Krishnan et al. (2020) explains that fat induces resistance towards glycemic response. During the cooking process, the right fatty acids combine with the digestible starch in the rice, reconfiguring molecules. This converts some digestible starch into resistant starch.

Why cool and reheat the rice?

Researchers have demonstrated an increase in resistant starch of rice that has been cooled for a minimum of 12 hours (Oaklander). When combined with the coconut oil cooking method, this has been shown to decrease calorie content by 60% (Roberts, 2015). Further, reheating does not seem to change the composition of the resistant starch.

What is resistant starch?

This starch passes through the small intestine undigested and ferments in the large intestine, producing more (beneficial) bacteria and improving gut health. Therefore, increasing resistant starch with these methods not only leads to a positive short-term effect with a lower glycemic response, but also contributes to a more diverse gut microbiome. The more resistant starch a food has, the fewer calories of the starch absorbed by the body.


  • 1 cup jasmine rice, rinsed and drained

  • 2 cups filtered water

  • 1 tsp coconut oil


  1. Heat water in a pan until rolling boil.

  2. Add rice and coconut oil. Stir to combine.

  3. Follow cooking instructions.

  4. Transfer rice into a fridge safe dish. Cool completely.

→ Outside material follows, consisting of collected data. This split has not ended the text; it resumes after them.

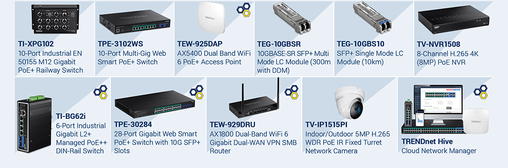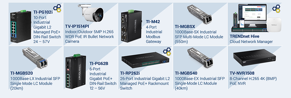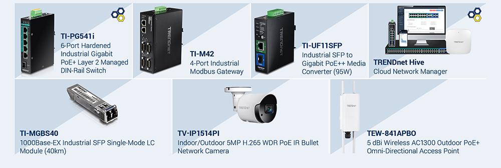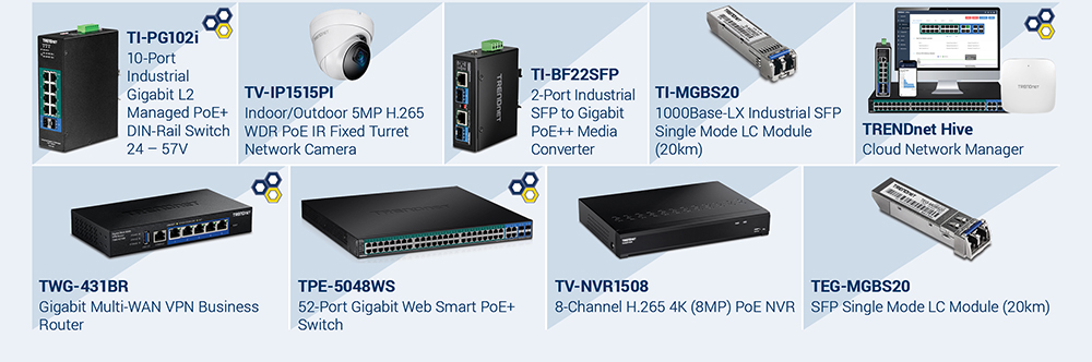 Select TRENDnet products in this application are remotely manageable with TRENDnet Hive, an easy-to-use cloud network manager. Save on time and costs by centralizing network management and monitoring, and getting better overall visibility of network devices. Key features include advanced traffic statistics, troubleshooting tools, and device hardware monitoring, which are all part of a bigger intelligent transportation system.
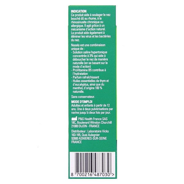 Nasaly Nez Bouché Spray Nasal un traitement permettant de retrouver une respiration libre et apaisée. Les laboratoires Vicks ont spécialement conçu ce produit pour répondre aux besoins des personnes ayant le nez obstrué. Grâce à sa formule unique, il débouche efficacement les narines tout en prenant soin de votre muqueuse nasale.
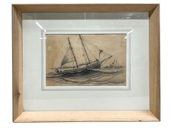 Framed Pencil Drawing Of Ship Vintage Or Antique, sight size measures 5.5” x 8.5.”
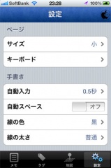 設定をタップすると、ページサイズ、キーボード設定、自動入力の時間設定、自動スペースのオン/オフ、線の色や太さなども変える事が出来ます。
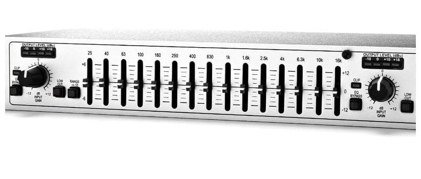 DBX 215S egalizator grafic cu 2 x 15 benzi. Boost si cut intre + – 6 – 12 dB, comutator pentru bypass, intrare cu gain de + – 12 dB , indicator cu 4 LED-uri pentru monitorizarea nivelelor la iesiri
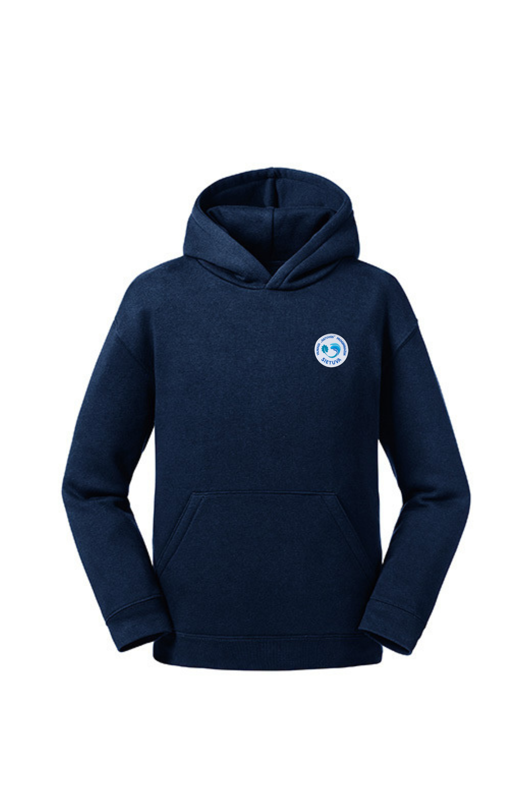 Trikotažinis sportinio tipo džemperis su gobtuvu ir mokyklos emblema
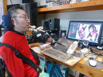 パソコン操作をして絵を描き、プロの

  5. Reheat by sautéing in a pan with a small bit more of coconut oil or a splash of water and add to your favorite dish!


Krishnan, V., Mondal, D., Bollinedi, H., Srivastava, S., Sv, R., Madhavan, L., Thomas, B., R, A. T., Singh, A., Singh, A. K., & Praveen, S. (2020). Cooking fat types alter the inherent glycaemic response of niche rice varieties through resistant starch (RS) formation. International Journal of Biological Macromolecules, 162, 1668–1681.

Roberts, B. M. (2015, March 23). “Eat rice cold for fewer calories.” BBC News.

Oaklander, Mandy. "Rice calories can be cut in half with this trick." Time Magazine.